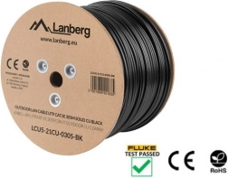 Professionelt udendørs UTP-kabel CAT5e i længden 305 m af rent kobber til pålidelige netværksinstallationer. Tilbyder 100 % kobberledere, AWG 24 – massiv leder, robust PE-kappe og drift op til 100 MHz for stabil dataoverførsel op til 100 m.
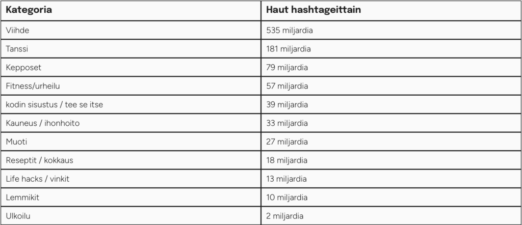 Suosituimmat kategoriat ja hashtagihaut (vuonna 2022):
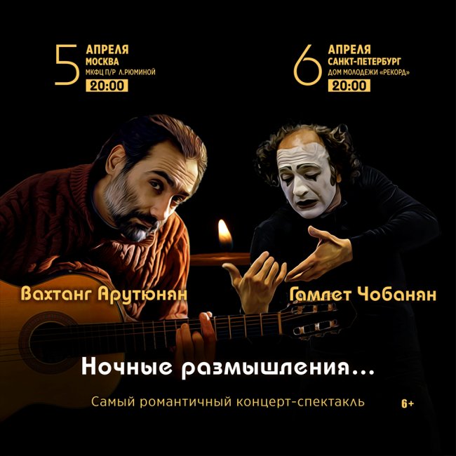 5 апреля в Москве и 6 апреля в Санкт-Петербурге состоятся незабываемые весенние вечера под звуки гитары, где зритель сможет окунуться в теплую, уютную, дружескую и эмоционально насыщенную атмосферу авторской песни и пантомимы. Самый романтичный концерт-спектакль "Ночные размышления..." представят два прекрасных артиста из Армении.
________________________________________
* **Assignment**: With the pictures left out, return all the material above exactly.

* **Written response**:
 Professionelt udendørs UTP-kabel CAT5e i længden 305 m af rent kobber til pålidelige netværksinstallationer. Tilbyder 100 % kobberledere, AWG 24 – massiv leder, robust PE-kappe og drift op til 100 MHz for stabil dataoverførsel op til 100 m.
 Suosituimmat kategoriat ja hashtagihaut (vuonna 2022):
 5 апреля в Москве и 6 апреля в Санкт-Петербурге состоятся незабываемые весенние вечера под звуки гитары, где зритель сможет окунуться в теплую, уютную, дружескую и эмоционально насыщенную атмосферу авторской песни и пантомимы. Самый романтичный концерт-спектакль "Ночные размышления..." представят два прекрасных артиста из Армении.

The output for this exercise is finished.